Before forming a dynamic supply chain on a supply mesh, decisions must be made regarding the selection of the right participants to support and fulfill the production of the product. Supply chains are formed on a supply mesh using two general approaches: (global) computation-based and (local) negotiation-based. A computation-based approach extensively considers all the complex factors from a global view to find a solution that best satisfies high-level goals. In this case, a high-level central authority finds an optimal group of participants for a particular project in a supply mesh and instructs them to collaborate. The Pareto-optimal principle is usually applied in this method to ensure the majority of the participants’ gains without jeopardizing anyone. Following this principle it allows jobs to be shared among multiple winners, which encourages cooperative competition. Cooperative competition is based on promoting mutual survival—an “everyone wins” mentality. It is a process where individuals compete in a cooperative manner through peaceful exchanges and without violating others to improve their level of satisfaction. Cooperative competition focuses entities against the environment [5] and jobs are shared as much as possible.

A negotiation-based approach assumes an environment in which the companies across each level of a supply chain compete for jobs through private negotiations or bidding efforts. The supply chain formation decisions in this approach are made individually by the companies using local knowledge. This negotiation-based method requires that each agent serves as a mediator to coordinate negotiation among bidders at each level and find the best deals. This competitive approach is usually cost-driven and results in few competitive winners who acquire the majority of the jobs and can almost always achieve the lowest cost in each production project. The supply chains that result from this approach usually cover a few elite industrial players who absorb the majority of the jobs and charge low prices.

Many researchers have recommended applying Pareto-optimal resource allocation in theories to supply chain management. In this paper we extend this philosophy by introducing a CSET model, powered by intelligent agents for mediating supply chains towards a Pareto-optimal situation. So that every member in the supply mesh can attain a state of Pareto optimality and everyone can be mutually benefited.

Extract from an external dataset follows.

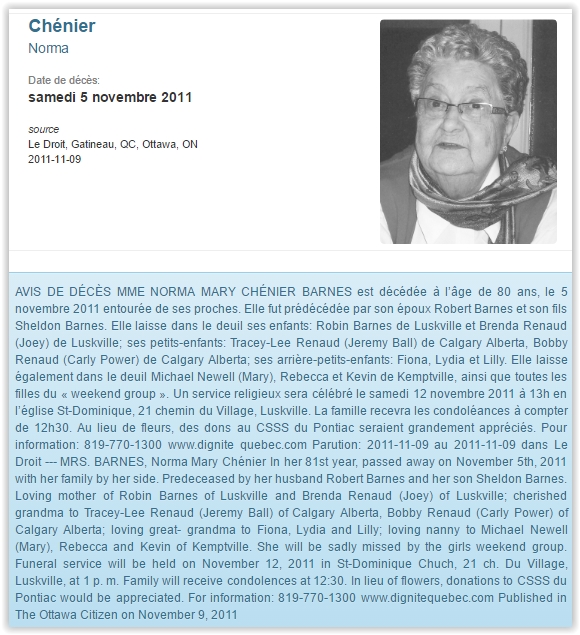 Barnes, Norma Mary (Née Chénier) (1931-2011)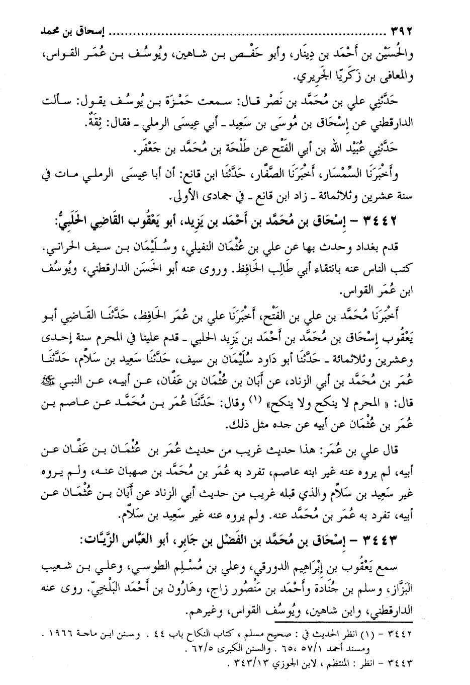 أَخْبَرَنَا مُحَمَّدُ بْنُ عَلِيِّ بْنِ الْفَتْحِ، أَخْبَرَنَا عَلِيُّ بن عمر الحافظ، حَدَّثَنَا الْقَاضِي أَبُو يَعْقُوبَ إِسْحَاقُ بْنُ مُحَمَّدِ بْنِ أَحْمَدَ بْنِ يَزِيدَ الْحَلَبِيُّ- قَدِمَ عَلَيْنَا في المحرم سنة إحدى وعشرين وثلاثمائة- حَدَّثَنَا أَبُو دَاوُدَ سُلَيْمَانُ بْنُ سَيْفٍ، حَدَّثَنَا سعيد بن سلّام، حدّثنا عمر بن محمّد بن أَبِي الزِّنَادِ، عَنْ أَبَانَ بْنِ عُثْمَانَ بْنِ عَفَّانَ، عَنْ أَبِيهِ، عَنِ النَّبِيِّ صَلَّى اللَّهُ عَلَيْهِ وَسَلَّمَ قَالَ: «الْمُحْرِمُ لا يَنْكِحُ وَلا يُنْكَحُ» [1] وقال: حدثنا عمر بن محمد عن عاصم بن عمر بن عثمان عن أبيه عن جده مثل ذلك.

This paper demonstrates with an experiment has to find the optimal allocation of jobs as represented by the formation of dynamic chains given by some samples taken from a U.S. textile industry. The results show that it is possible to form such Pareto-optimal group of supply chains by heuristic search from a supply mesh.

The remainder of this paper is structured as follows. A literature review of the relevant topics covered in this paper is in Section 2. Our proposed CSET model for framework and system architecture is presented in Section 3. The interaction details of the agents that support the CSET model and the information flows are described in Section 4. The experiment for verifying the proposed model is shown in Section 5. The application of CSET in some industrial scenarios is discussed in Sections 6 and 7 concludes the paper.

2. The Literature Review

To embrace quick changes and fluctuations in market demands, decisions about dynamic supply chain formation usually rely on demand forecasting and negotiation techniques. The former is a preemptive approach that often takes proactive action in resource planning, although forecasting based on historical data is known to be somewhat unreliable [6] and this approach is sometimes inadequate to offset the surges in supply and demand brought on by pricing adjustments [7]. The latter approach, implemented through intelligent agent negotiation, is reactive. With no regard for past data, negotiations in this approach ensure the optimal matching of participants by forming a dynamic supply chain giving its best effort during any changes in market conditions. Many researchers [810] have recently favored this approach of dynamic supply chain formation through automated negotiation in contrast to forecasting.

Lim and Benbasat [11] proposed a theoretical model for a negotiation system that is composed of two major components: a decision aid component and an electronic communications component. As the result of the information processing capability of the decision aid component, solutions with automated negotiation displayed better performance than those without [12]. The concept of a web-based intelligent agent system is not entirely new. As early as 1996, Chavez et al. [13] developed an agent that assisted users with the exchange of goods through negotiation capability in an e-marketplace. This model proactively sought out potential buyers or sellers and automatically negotiated with them on behalf of the users. This model seeded a flexible multiagent framework for multilateral negotiation. However, these agents were somewhat “unguided” because their designs were general and primitive regarding direct buying and selling and the negotiation was based only on price.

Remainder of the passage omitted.